Working Through a Pet Peeve

Posted on Sunday, January 16, 2011 by Alex R. Cronk-Young


I guess it's become one of my pet peeves to get a little annoyed when I see tweets about people being annoyed by kids in public areas. One of my good Twitter buddies sent out a couple tweets like that the other day and I gave him some shit for it. As it turns out, that shit was completely undeserved. We talked about it at length later and it made me really start to think about why that kind of stuff bothers me.

Obviously I was thrown into parenting with no real experience. Pretty much everyone is. An all of those cliche lines like about there not being manuals to being a good parent are completely true. Even though I love doing it, it always brings me close to pulling out my hair on a regular basis, because honestly, I have no clue what I'm doing.

Often I try everything in my power to stop certain behaviors, and it all fails miserably. Emmy has a bad habit of pummeling her cousins when they are mean to her, take away her toy, or in any way annoy her. For the longest time we tried absolutely everything to get her to stop when she hit one of them. Time outs didn't seem to even phase her, nor the corresponding long talk we gave her and the apology/hug she had to give. She would look right up at you and tell you everything you wanted to hear, and then the next time a situation arose her cousin would get another beatdown despite everything.

I would run through horror scenarios in my head about when she starts going to school. She'd likely pound on the first kid that looked at her funny and we'd get a call home. When it kept happening, things would escalate and before you knew it she'd be thrown out of school for the rest of her life at the tender age of five years old.

Yeah, I doubt it would ever play out that way, but I'm trying to say that I was worried. Eventually we decided to adopt a chart system. She has several things that she needs to do throughout the day (like keeping her hands to herself), and if she does them she gets a smiley face for that activity. At the end of the week we count up her smiley faces and if she has enough of them then she gets a reward. This process has proved much more effective.


But it took a long time to come to that solution, and it still isn't a full proof method. Nothing ever is. We haven't experienced any epic temper tantrums in a grocery store, but honestly I'm not sure what I would do if we did. Maybe we never will because when she threw even a tiny fit over being told no we just moved on and didn't give in. Still, who knows if we'll have to face down something like that in public.

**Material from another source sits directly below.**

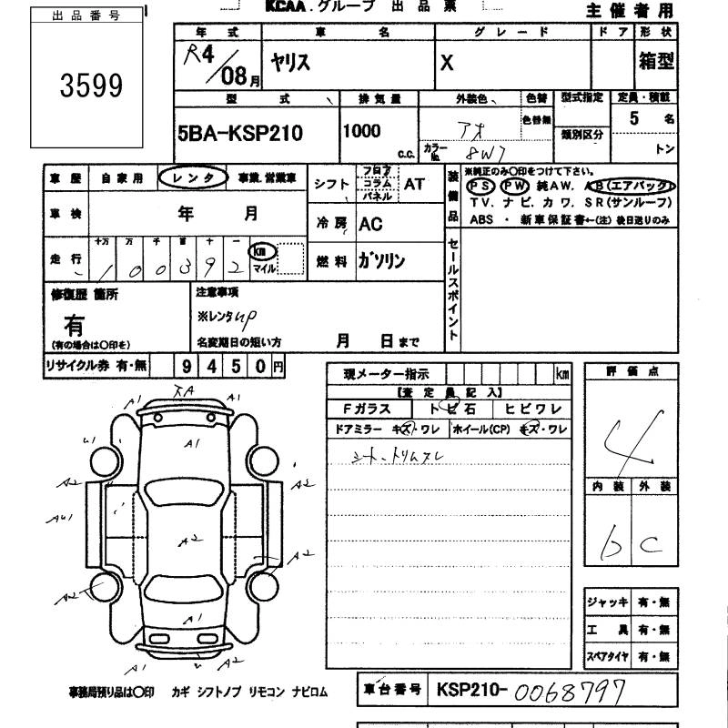 Статус выставлен на аукцион Лот 3599 Аукцион KCAA M Kyushu Дата аукциона 11.03.2026

Sometimes you just go numb. You watch your kid doing something they shouldn't be doing and you just can't bring yourself to try to stop it this time when you've failed countless times before. I got that way a lot when she was hitting her cousins. After trying incessantly to get her to stop, I'd watch her cousin pick up a toy, Emmy stand up, chase her down, smack her, and take it away; and I'd do nothing. It was defeat. I'd tried what I thought was every possible solution and nothing worked, and I couldn't stand to try doing the same things over again when I knew it wouldn't change a thing.

Maybe that makes me a bad parent, but I suspect every parent has come to that point on more than one occasion. So when I see a tweet along the lines of, "Kid behind me on the bus is screaming his head off and kicking my seat. Parents aren't doing a damn thing!" I guess I sympathize a little bit. Maybe they aren't doing a damn thing because they just don't care, but in my mind I see that haze of defeat. I wonder if that is one of their moments of despair, when inside they are mortified, but outside they just can't bring themselves to try in futility one more time.

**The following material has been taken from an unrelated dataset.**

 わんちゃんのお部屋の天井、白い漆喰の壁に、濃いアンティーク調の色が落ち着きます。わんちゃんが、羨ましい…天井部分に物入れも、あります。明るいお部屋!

They just want that bus ride to end as badly as you do so they can get behind the safety of their home's walls, where no one can judge them for having an unruly child that they don't know how to control. They'll probably wake up the next day feeling a thousand times better, and maybe by the end of the month they'll have discovered a way to stop the behavior, but you saw them when they were at their worst.

Clearly this is probably not the case in a majority of these types of situations, but it's what I think of. I guess just as some people jump to judge people for being bad parents, I jump to assume that people are trying their best. I definitely need to stop letting it bug me when I have absolutely no idea for sure what the situation is like, but it's hard to not let my own feelings of desperation transfer over to those other parents whom I've never even met. I suppose it's nice that I assume the best in people, at least, but unless I'm experiencing it myself I really can't make any judgement calls.